NOTE 4 – FAIR VALUE MEASUREMENTS

The Plan follows Topic 820, which defines fair value, establishes a framework for measuring fair value in accordance with US GAAP and expands disclosure requirements about fair value measurements.  Under Topic 820, fair value is considered to be the exchange price in an orderly transaction between market participants to sell an asset or transfer a liability at the measurement date.  The fair value definition under Topic 820 focuses on an exit price, which is the price that would be received by the Plan to sell an asset or paid to transfer a liability versus an entry price, which would be the price paid to acquire an asset or received to assume a liability.

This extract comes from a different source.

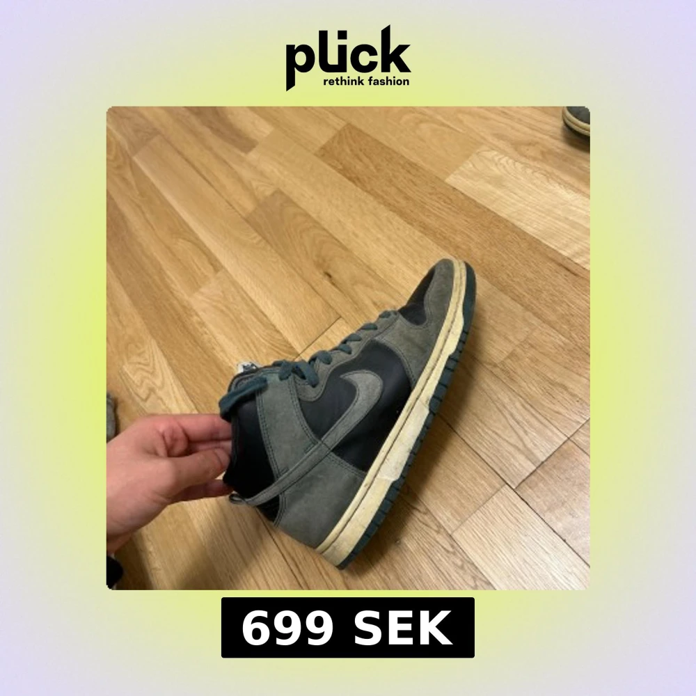 Säljer ett par Nike Dunk High sneakers i en snygg mix av grå mocka och svart läder. Skorna har klassisk Nike Swoosh på sidorna, gröna snören och en vintage-inspirerad sula. Perfekta för dig som gillar streetwear och vill sticka ut med en unik färgkombo.

Topic 820 provides a fair value hierarchy that prioritizes the inputs to valuation techniques used to measure fair value.  The hierarchy gives the highest priority to unadjusted quoted prices in active markets for identical assets (Level 1) and the lowest priority to unobservable inputs (Level 3).  The three levels of the fair value hierarchy under Topic 820 are described below:

Level 1: unadjusted quoted prices for identical assets in active markets that the Plan has the ability to access.

Level 2: quoted prices for similar assets in active markets; quoted prices for identical or similar assets in inactive markets; and interest rates, credit risk, etc. that are determined for an asset, either directly or indirectly, based on independent market data.

Level 3: significant unobservable inputs for the fair value measurement of the assets.

Following is a description of the valuation methodologies used for assets measured at fair value:

Money market and mutual funds: Valued at the net asset value, based on quoted market prices in active markets, of shares held by the Plan at each year end.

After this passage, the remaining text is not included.